Re: Alternative algorithm for timeouts from Michiel de Jong on 2017-07-20 (public-interledger@w3.org from July 2017)

From: Michiel de Jong <michiel@unhosted.org>
Date: Thu, 20 Jul 2017 10:11:13 +0200
To: Enrique Arizon Benito <enrique.arizon.benito@everis.com>
Cc: Interledger Community Group <public-interledger@w3.org>
Message-ID: <CA+aD3u2YzFSS7GPgqcN=JEjb7AAJJY9E0TY+H4kKgg4sfjX8GA@mail.gmail.com>
Hi Enrique,

One way to implement something more flexible would be to set a timeout of
24 hours on your payment, but "urge" connectors to be much much quicker
than that during normal operation. Most payments would only take 2.1
seconds in your example. If an error occurred due to: no route found,
insufficient liquidity, insufficient source amount, receiver account
doesn't exist, or receiver is not listening, or receiver does not know how
to fulfill the condition, you will get an ILP error back, also in roughly
2.1 seconds. *Only* in the event that the comms network fails, would
payments be tied up for up to 24 hours.

An argument for why 24 hour timeouts could be OK is that if you do business
with a connector, and you have money locked up in a one-to-one payment
channel to that connector, then if it's having network trouble, you can't
reuse that balance for other purposes anyway (unless you close the channel
one-sidedly).

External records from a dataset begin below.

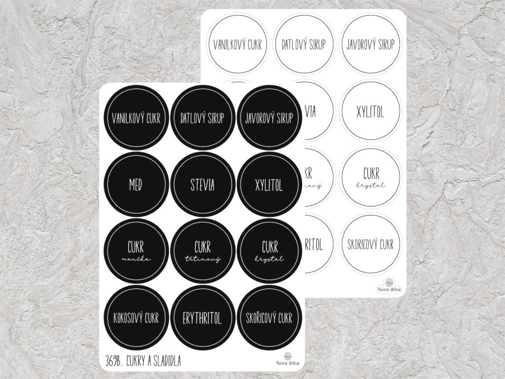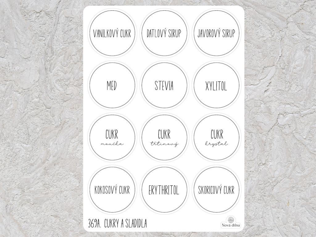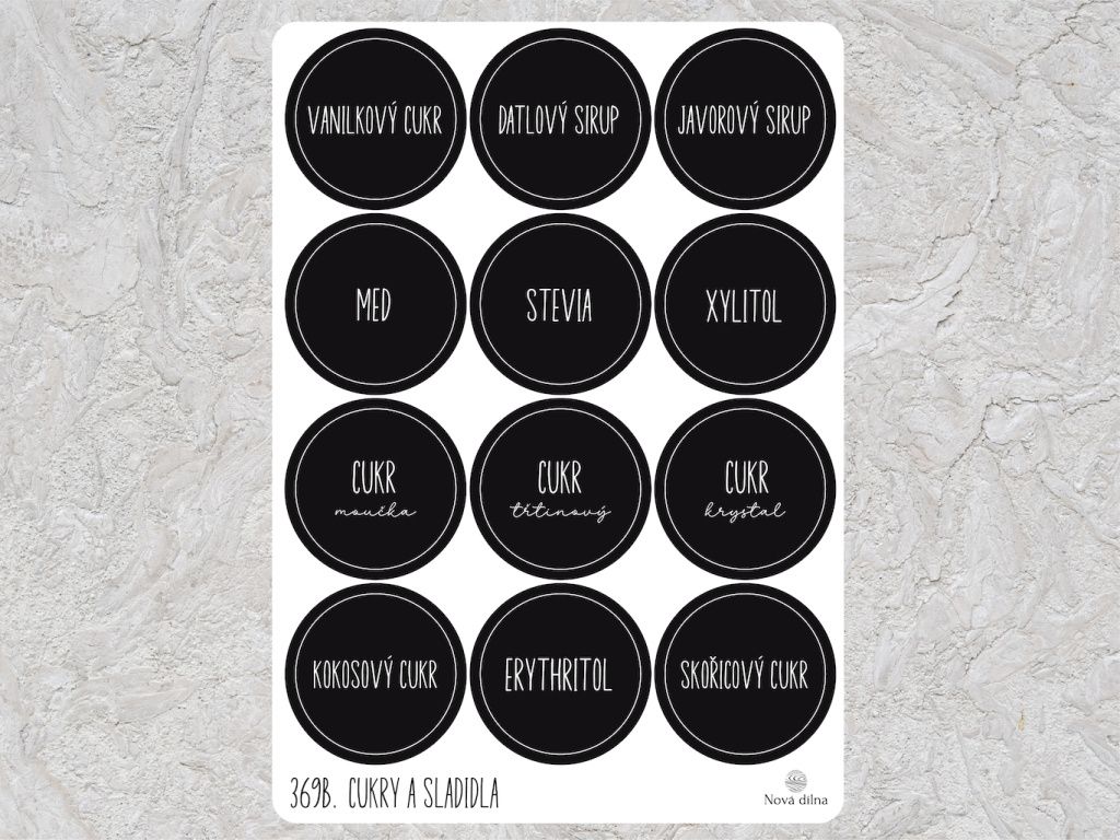 Samolepky na dózy Cukry a sladidla 12ks 60mm kulaté
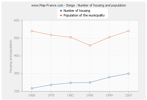 The population of Steige was 541 inhabitants in 2007, 505 inhabitants in 1999, 459 inhabitants in 1990, 505 inhabitants in 1982, 518 inhabitants in 1975 and 540 inhabitants in 1968. Meanwhile, the number of housing of Steige was 300 in 2007, 280 in 1999, 250 in 1990, 248 in 1982, 237 in 1975 and 217 in 1968.
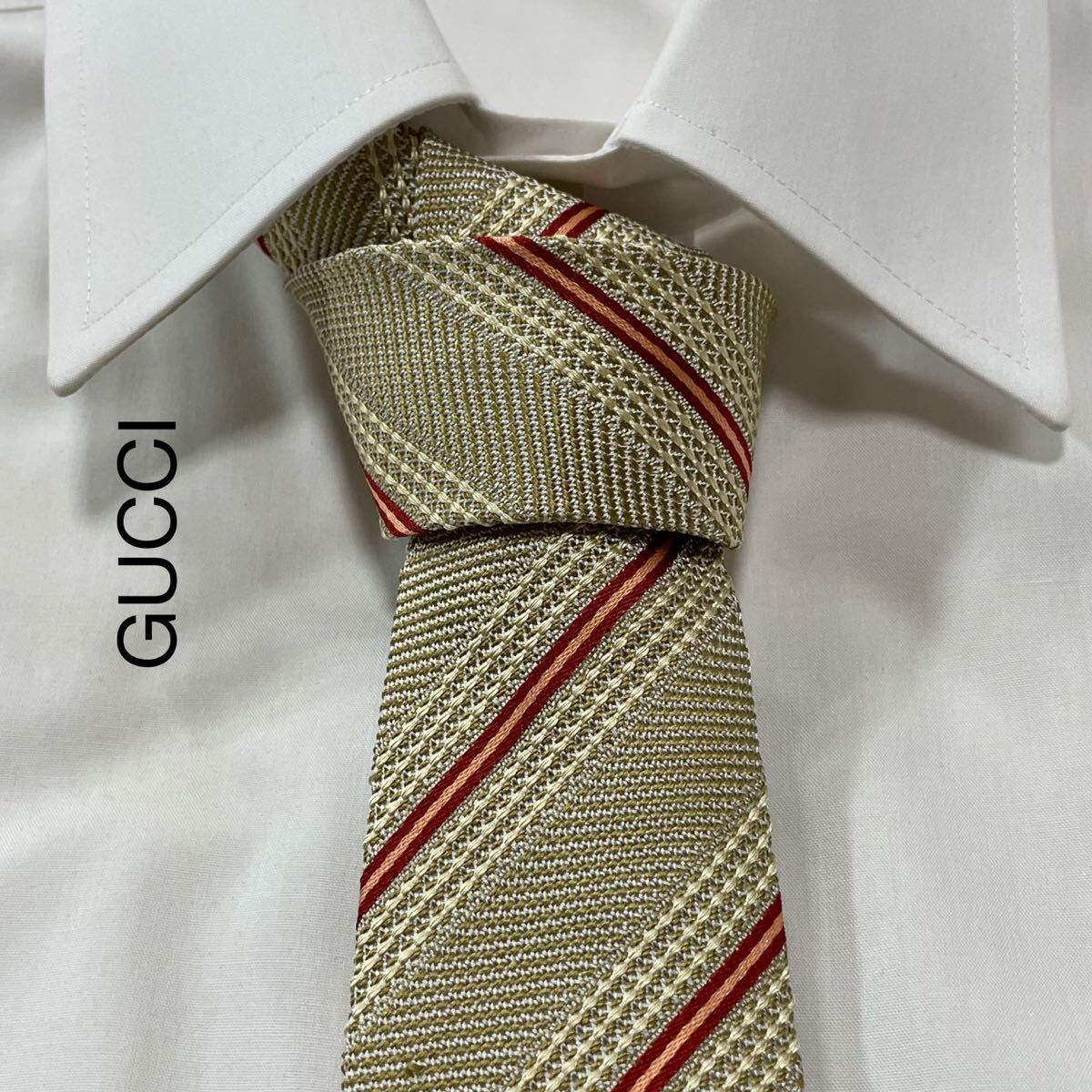 - GUCCI グッチ ストライプ ジャガード シルク ネクタイ イタリア製 ベージュ ワイン オレンジ TG1842
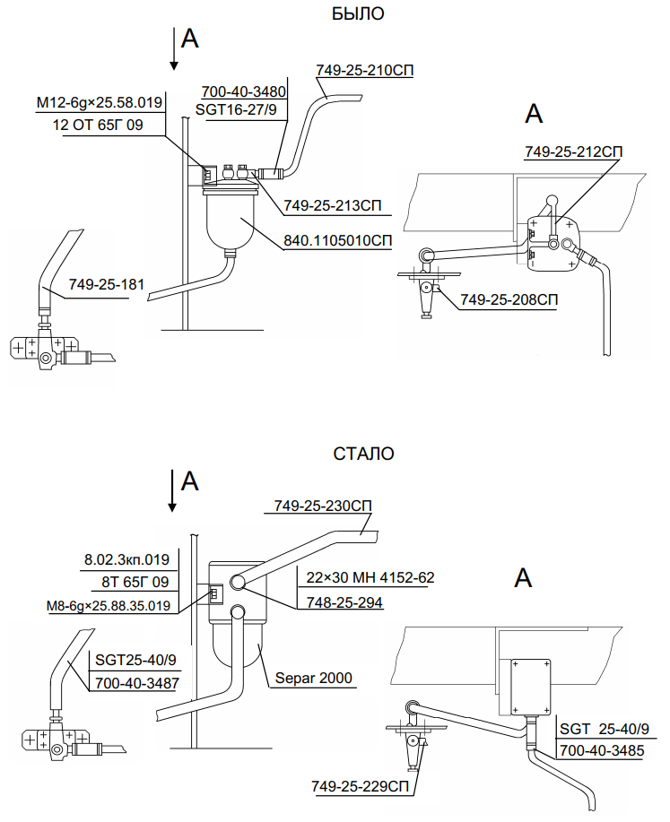С целью унификации труб гидропривода на тракторе ДЭТ-320 взамен труб 748-99-138СП и 748-99-139СП применены трубы 748-99-615СП и 748-99-621СП трактора ДЭТ-250М2.
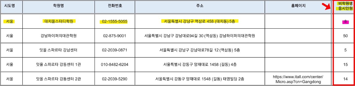 시도명 / 학원명 / 전화번호 / 주소 / 홈페이지/ 비학원생 응시인원 기재되어 있으며,
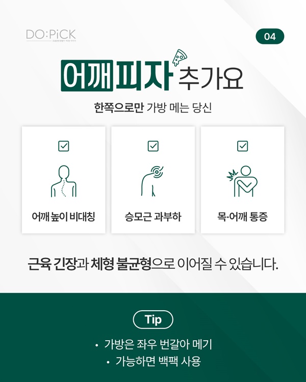 한쪽 어깨에만 지속적으로 하중이 실리면
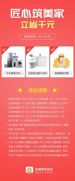 早在7月,金螳螂.家就发起了“匠心筑美家 千万答谢礼”为每一位选择金螳螂.家的客户,送去满满的祝福和清凉。从减压party到春节家书再到用好酒致敬生活,追忆毕业后的时光等一系列活动, 8月优惠活动还将继续,可关注金螳螂.家官网/金螳螂.家装修APP了解优惠详情。金螳螂.家坚信一次装修,一场相遇,亦有缘分成为一生朋友。
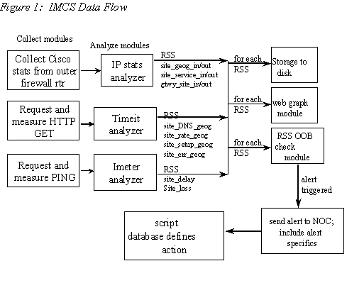 not apply 4.1.4. Data Flow between Modules Earlier, we talked about how Imeter, Timeit, and IP Stats generated data with separate data collection modules. We also mentioned how data was fed into the OOB checker to determine out of bounds conditions. How does all the data flow between IMCS modules. We show the data flow and key metrics in Figure 1. The raw data generated from the collection modules are transferred to analyzer modules, which compute data values RSS. The RSS data values are stored to disk, sent to the graphing module for display, and piped into the OOB checker for alerting. If an out of bounds condition is detected, then an alert is sent to the Intel Network Operations Center (NOC). 4.2. Monitoring IMCS Metrics and Responding to IMCS Alerts Figure 1 shows that when an out of bounds condition is detected, an alert is sent to Intel’s NOC. What happens when that alert is sent? How does the NOC know what to do? This section describes how we implemented the user interface to IMCS and how alerts are processed. Once IMCS generates an alert, an alphanumeric page is sent to the Intel Network Operations Center describing the RSS that is out of bounds. If you look at figure 1, you will notice that each RSS metric contains the site name and the type of metric (loss, delay, HTTP rate, etc.). NOC personnel execute a script based on the type of metric. For example, if a delay alert is generated, there is a specific script that must be done that is different from say, an HTTP rate alert. The site information lets the NOC know where the problem lies and who to dispatch to fix the problem. The main interface to IMCS is a web page that we call "The Big Picture." The Big Picture is a snapshot of all of Intel’s Internet connectivity in one screen. This web page is a large table where each row is a different type of metric (e.g. packet delay) and each column represent a firewall complex. In each cell of the table is a thumbnail graph of the appropriate metric for each firewall are shown. The thumbnail shows a rolling 24 hour graph for that metric. This allows someone looking at the big picture page to see a comparative view of the metric from each firewall. At the start of on each row of the Big Picture is a script that describes how to handle alerts for the metric. Across the top of each column is general information about that particular firewall complex. There is a web link to the history of alerts for each gateway, as well to as IMCS System Status for each gateway. If a gateway IMCS system is having a problem then its System Status turns red. Otherwise it is green. Each miniature "thumbnail" graph on the Big Picture is linked to a web page containing more information about that gateway's metric. This makes it easy to quickly drill down and get more information about a problem or look in detail at a metric. On these more detailed pages, we display graphs of rolling 24 hours, the current week, the last week, and the past 20 weeks for that particular metric. We can also get the actual data points for recent values of the metric. This is useful when you need real data values for troubleshooting a problem or for tuning the alert threshold values. IMCS scripts usually have the NOC personnel check if an out of bounds condition is local or Internet wide and change their response accordingly. On each metric row, there is a pointer to the proper script that is to be executed when an alert for that metric is received. The modular construction of IMCS and its geographically distributed monitoring systems lends itself well to using the web as the primary reporting and access mechanism. In order to remain somewhat browser and HTTP server independent, all of the IMCS display and query functions are built on standard HTML pages, with frames and JavaScript used sparingly to provide easy control, and common CGI Perl programs to remotely generate HTML pages based on GET-mode queries. Debug programs such as ping, traceroute, and whois are implemented as CGI programs. The use of GET-mode CGI queries allows you to copy an URL to a mail message, send it, and have someone else see the results of the query too. It also enables us to embed actual pings or traceroutes into a script HTML page. We can have a link such as "ping the gateway interface" point to a URL that actually pings the gateway interface and return the results. While each IMCS system creates HTML pages and graphs/thumbnails for each metric on its own document tree, a special setup was required to produce the "Big Picture" that would accommodate the potential outages of a remote IMCS system, and display the overall health of the firewalls. The page containing the Big Picture is not on several servers – only one. We discovered that browsers don't always flush graphics from the browser cache (even with a Pragma: no-cache, and all the other standard tricks), unless the web-server also emits an Expires: header for the graphic. Our previous web servers did not have an Expires option so we use the Apache server, which does have the Expires option. A cron job was constructed to run every three minutes to grab the latest thumbnails for a Big Picture display. This job refreshes the graphics for display and reports possible problems with the measurement process. 4.3. Other implementation highlights IMCS is implemented with PERL, C, and Expect. The analyzers, OOB checker, pager, and graph generator are done in PERL. The PERL graphing code makes use of GNUplot and pbmtools to generate GIF files. Packet delay and loss data are collected by fping, a C program. Router statistics are collected by an Expect script. Individual modules are configured with text files on the file system of the IMCS monitor. Only one configuration file exists for a particular module – it is edited and stored in one central location and pushed to IMCS machines through our Make driven update process [8]. Processes on each machine go through a rule set to see which configurations and di
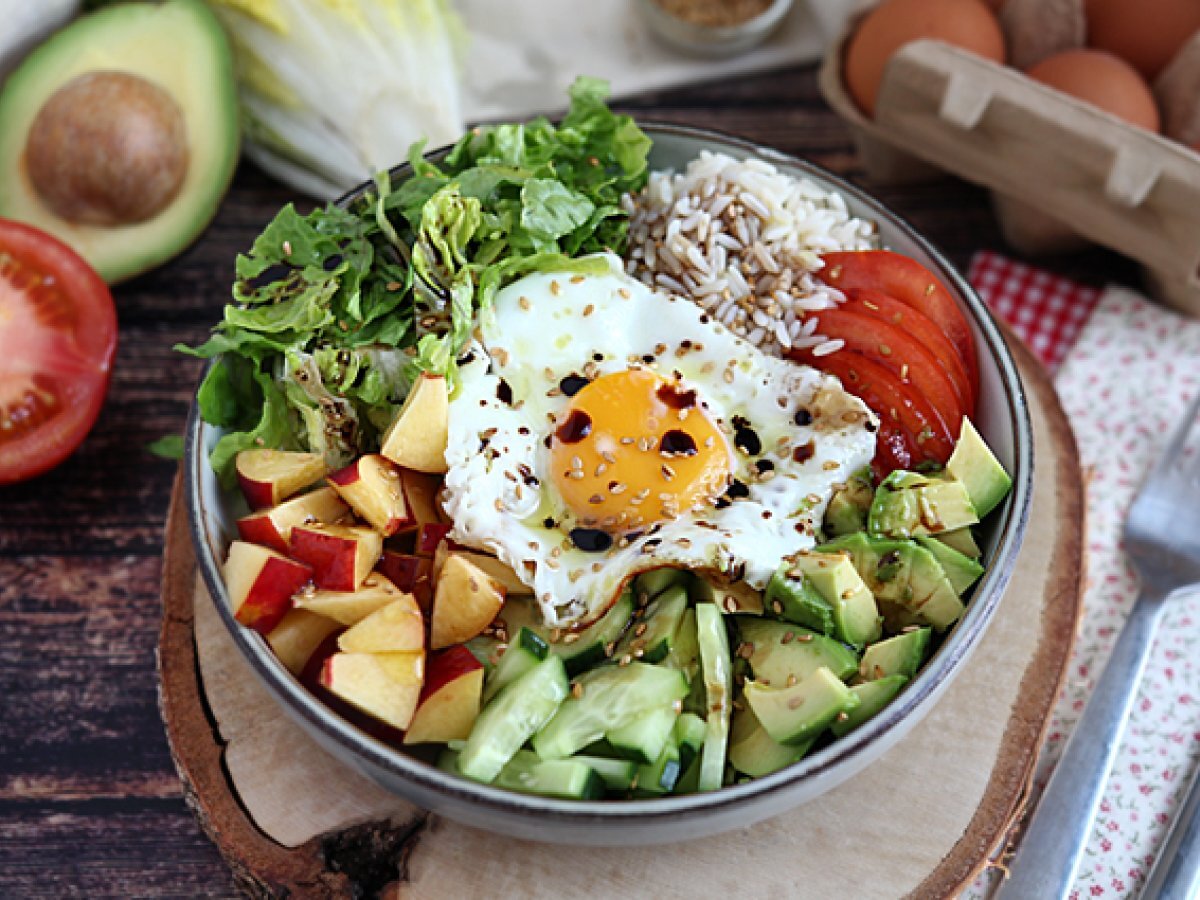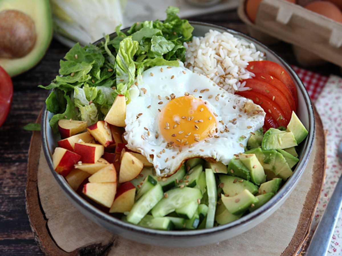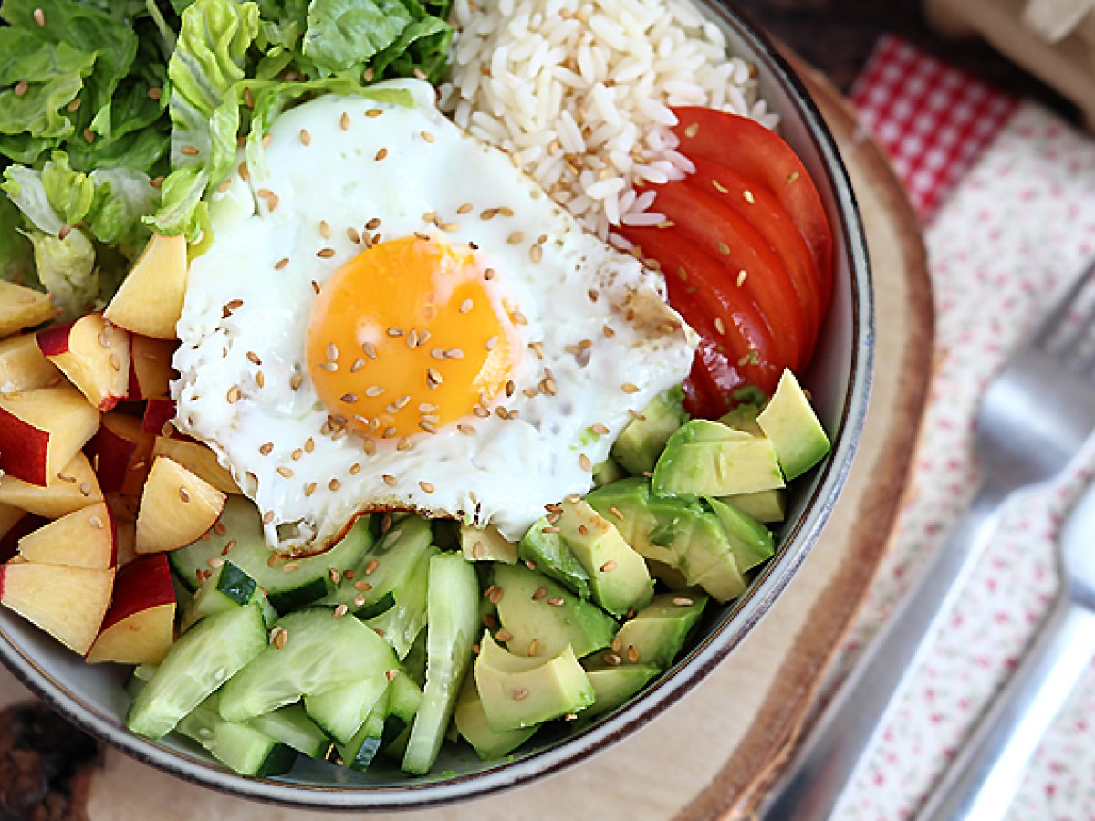 Bringen Sie mit dieser Buddha-Bowl die Sonne auf Ihren Teller! Hier gibt es nur Gutes: Stärke mit Reis, Obst und Gemüse und Proteine mit Avocado und Ei. Der Beweis, dass es möglich ist, sich gesund zu ernähren, indem man einfache und schnelle Rezepte macht ;-)
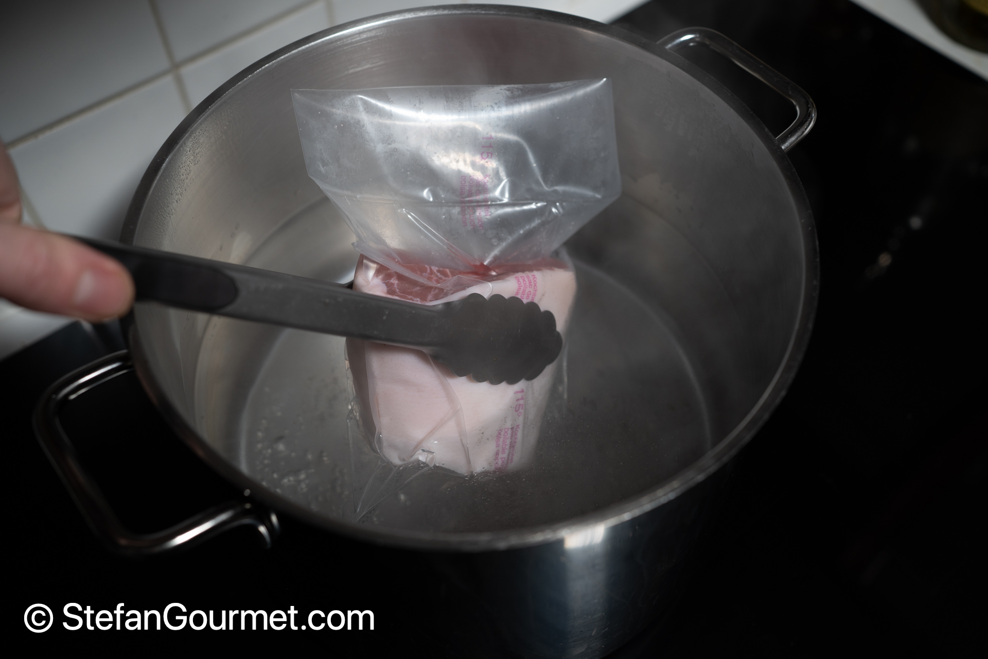 Heat a pot of water to at least 77C/170F (boiling also works). Dip the vacuum sealed meat in the hot water for 10-20 seconds…
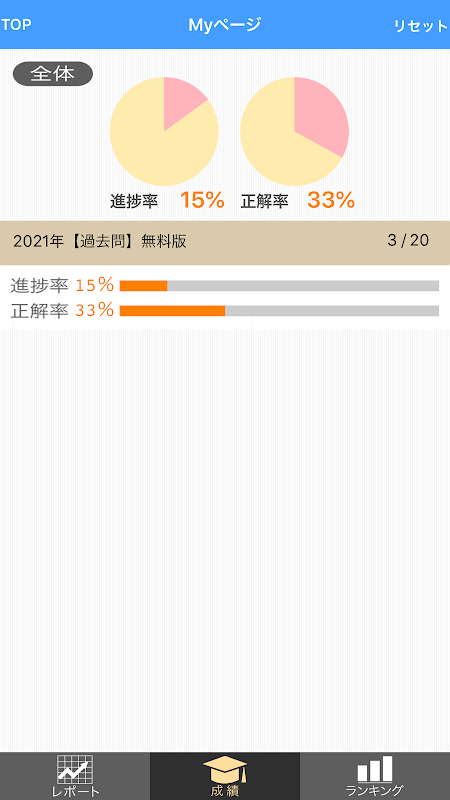 「レポート」であなたの学習時間を確認できます。「成績」で全体およびカテゴリごとの問題の進捗率、正答率を確認できます。 「ランキング」で学習時間、成績を元にしたポイント・ランキングを確認できます。ランキングは、ランクと今週の2種類があります。
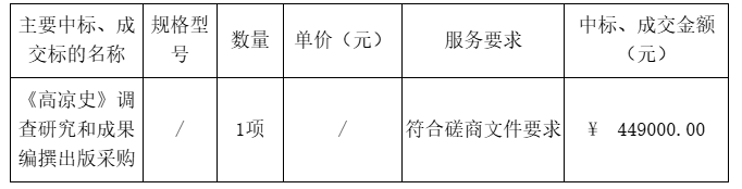 2.項(xiàng)目名稱(chēng):《高涼史》調(diào)查研究和成果編撰出版采購(gòu)項(xiàng)目
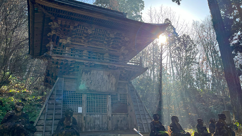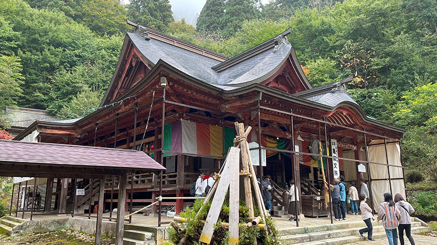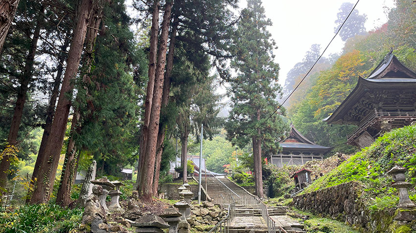 穿過由金剛力士像守護左右的仁王門,往前走會看到於1914年(大正3年)重建的本堂文殊堂。文殊堂由米澤藩醫伊東祐順的次男、確立日本建築學的伊藤忠太設計。文殊菩薩像安置於此,許多參拜者前來祈求學業成就等。文殊堂後方供奉大日如來、普賢菩薩、虛空藏菩薩。大聖寺本坊以大日如來為本尊,安置縣指定文化財的木造聖觀音菩薩立像(有公開展示)及木造如來形立像(未公開展示)。此外,參道旁散布有払川藥師堂、守護一山的藏王權現堂、祈求姻緣的觀音堂等。豐富的自然與歷史的厚重感所營造出的莊嚴氛圍,使拜訪者內心平靜,伽藍成為能以純淨心情參拜的心靈依託。
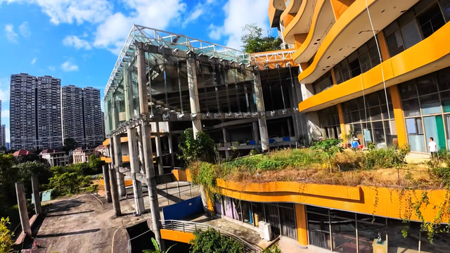 原本应是黄金地段上的一颗明珠,如今却成了被遗忘的角落。风吹过时,带着树叶钻进空洞的楼层,那声音细微却清晰,像在低声讲述一场未完的梦。
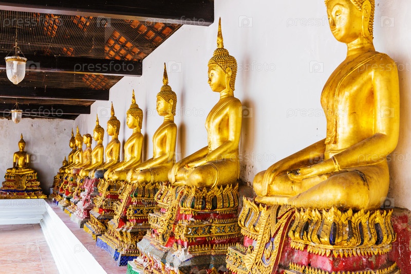 Золотые статуи Будды в храме

This also goes if you peer over a trustline. It doesn't hold
when you peer over a FiveBells ledger, and some of your other peers also
have an account on that same ledger, because then you would want a quick
rollback of the money into your FiveBells ledger account, so that you can
reuse that balance to route payments to other peers who are on the same
ledger.

However, even though 24 hour timeouts could work in some circumstances,
there is a network effect; if one connector uses long timeouts then that's
useless for later connectors in the chain of transfer (they will still be
in a hurry), unless they do too. Also, a connector that uses long timeouts
will not even be invited to be part of a chain of transfers if there is at
least one connector earlier in the chain, that is in more of a hurry.

Each connector will have a minimal timeout which it requires itself, and
maximum timeout it allows other connectors to have. Due to this network
effect, it's useful if we all use roughly the same minimum and maximum
values (at least within an order of magnitude). For instance, the current
default settings for ilp-kit are:
* the receiver is allowed EXPIRY_DURATION = 10 seconds to fulfill
* each connector will add MIN_MESSAGE_WINDOW = 1 second (500ms in each
direction IIUC)
* each connector will accept a total of up to
CONNECTOR_MAX_HOLD_TIME=100 seconds

A network with identical nodes like that will in theory be able to handle
up to 90-hop payments. But if one of the connectors (or say, the receiving
ledger in your example) would set MIN_MESSAGE_WINDOW or EXPIRY_DURATION to
3600 seconds, then that would be incompatible with the
CONNECTOR_MAX_HOLD_TIME of other connectors in the network, and that would
make the network less efficient in forwarding payments.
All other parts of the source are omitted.